Before I could stop her, she was leaning over to slap his face the way people do when they want to wake someone up. When Sam didn't move, she said, "He's dead asleep. Don't worry. Speaking of dead, Tristan was supposed to have given up the ghost already."
"That's a horrible thing to say." I couldn't help myself.
"I know, but it's true," she said with shrug. "You have no idea how many times we've had doctors tell us to prepare for the worse. And we did, honey! We cried our tears. We grieved him. And guess what? He didn't die. At this point, it's like a sick joke, right? Even Tristan's sick of it. A few years back, he tried to finish the job himself. Richard says no, he didn't. Says it's normal for kids to try drugs, but come on, no kid tries that many drugs expecting to come out alive. He wanted out, and I don't blame him, you know? He's been through too much. I don't know why I'm telling you all of this. I'm really drunk, but you're a good listener, sweetie. That's good. Men love it when we listen. Oh, no, don't cry."

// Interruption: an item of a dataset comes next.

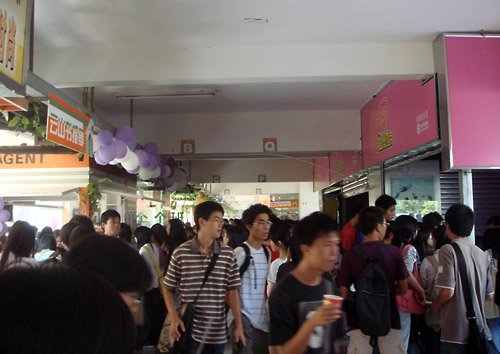 整个架空层熙熙攘攘,但云山工作室玻璃门上挂出谜语的竞猜游戏,引得同学们一个个睁大眼睛盯着谜语竞相思考,挑战自己的反应能力。凉茶坊也准备了游戏环节,摊位前排起了长长的队伍。答中所抽题目问题的同学就可以进行抽奖,奖品包括雪糕、会员卡、凉茶等。云山健身房也设置了健康知识有奖竞猜环节,并且在健身房还举行了器械区和大众班的免费体验活动。其他实体也推出了自己的促销活动。

I hadn't realized I was crying. She showed me a sympathetic smile and shook her head. It just felt patronizing, "I'm just trying to help you, honey. Us, women, we have to stick together, don't we? Do you actually like him?"
I wiped my eyes with the back of my hand, but more tears came out, and more, and more, and more. I couldn't hold them back. I couldn't answer her either, and so she went on, taking more sips from her coffee, shaking her head, slowly, again, and again.
"You shouldn't," she said in the end, "Nothing good can come from it."
When I finally got home, my mom was already up and getting ready for work. She hadn't realized I hadn't come home all night, and so when she asked what happened, and I started crying, by extension, so did she.
I opened my mouth to tell her everything, but she stopped me with a horrified look on her face and said we were going to the hospital. I hadn't even told her about the hospital yet, so I was confused by this, but then my mom stepped closer and grabbed my hand in hers, and I felt an intense pain shoot through my fingers, and when I looked down, there they were, swollen and bruised, and I realized I had forgotten about it. I had forgotten all about it.